Without transparency, enforcement creates new traps.


The Objection

The sharpest critique of this framework: it's just Goodhart's Law with extra steps. "When a measure becomes a target, it ceases to be a good measure." One sentence captures everything.

But Goodhart tells you the trap exists. He doesn't tell you howwhen, or why the corruption persists.

The CAST trial answers the when. In the late 1980s, cardiologists had a surrogate endpoint they trusted completely: premature ventricular contractions predicted cardiac death. Suppress the contractions, save the patient: anti-arrhythmic drugs, encainide and flecainide, did exactly that. The proxy improved beautifully.

Mortality in the treatment group: 7.7%. In the placebo group: 3.0%.

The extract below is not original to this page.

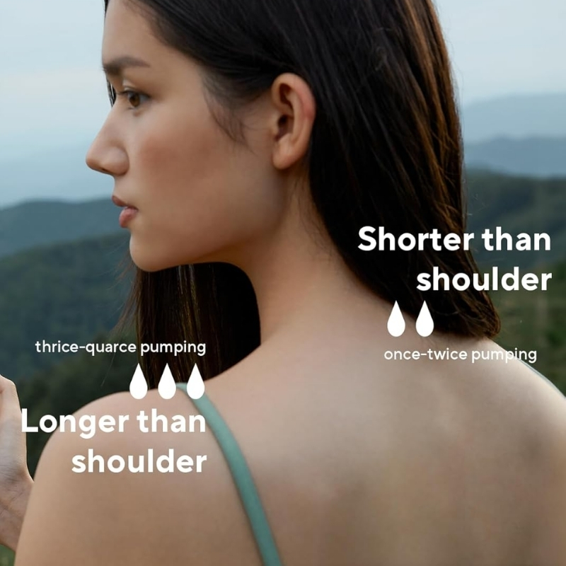- Towel-dry hair. Pump 1–2× above-shoulder or 2–4× below-shoulder lengths into palms.

The drugs that fixed the metric killed the patients at more than twice the rate of doing nothing. Investigators halted the trial in April 1989, after a mean follow-up of ten months.

The surrogate was technically perfect. The outcome was lethal.

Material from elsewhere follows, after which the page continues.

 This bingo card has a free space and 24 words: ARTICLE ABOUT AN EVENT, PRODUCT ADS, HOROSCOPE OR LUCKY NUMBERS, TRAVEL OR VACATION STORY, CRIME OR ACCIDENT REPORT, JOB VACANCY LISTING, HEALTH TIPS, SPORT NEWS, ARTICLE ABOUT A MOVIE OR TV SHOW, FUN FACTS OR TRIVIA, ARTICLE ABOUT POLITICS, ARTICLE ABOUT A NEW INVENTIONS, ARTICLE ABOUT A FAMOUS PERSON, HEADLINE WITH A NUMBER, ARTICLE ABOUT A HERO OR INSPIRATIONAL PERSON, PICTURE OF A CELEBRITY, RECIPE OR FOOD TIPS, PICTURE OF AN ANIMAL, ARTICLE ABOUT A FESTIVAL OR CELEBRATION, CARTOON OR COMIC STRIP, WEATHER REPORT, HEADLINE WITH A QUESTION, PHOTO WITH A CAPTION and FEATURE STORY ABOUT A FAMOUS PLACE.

But here's what matters for the framework: the divergence between proxy and outcome didn't happen overnight.

It followed a curve. There was a window of months, not years, where the surrogate was drifting but the outcome data was accumulating. If someone had been tracking the correlation between the proxy and the actual endpoint in real time, the divergence was detectable before it became deadly.

Goodhart says metrics corrupt.

The Measurement Trap says: legibility starts the simplification before any target is set, and performativity reshapes behavior through the act of measurement itself. Surrogate divergence follows a curve with an intervention window. Lock-in explains why everyone sees the problem and nobody fixes it.

Goodhart tells you the trap exists. This framework tells you where you are inside it, and whether you can still get out.


Your dashboard isn't lying to you. Every number is accurate. Every metric is precisely what it was built to measure.

That's the trap.

The question was never whether your data is right. It's whether you're already three mechanisms deep into a system that can't tell you it's wrong, and whether the ratchet has already turned.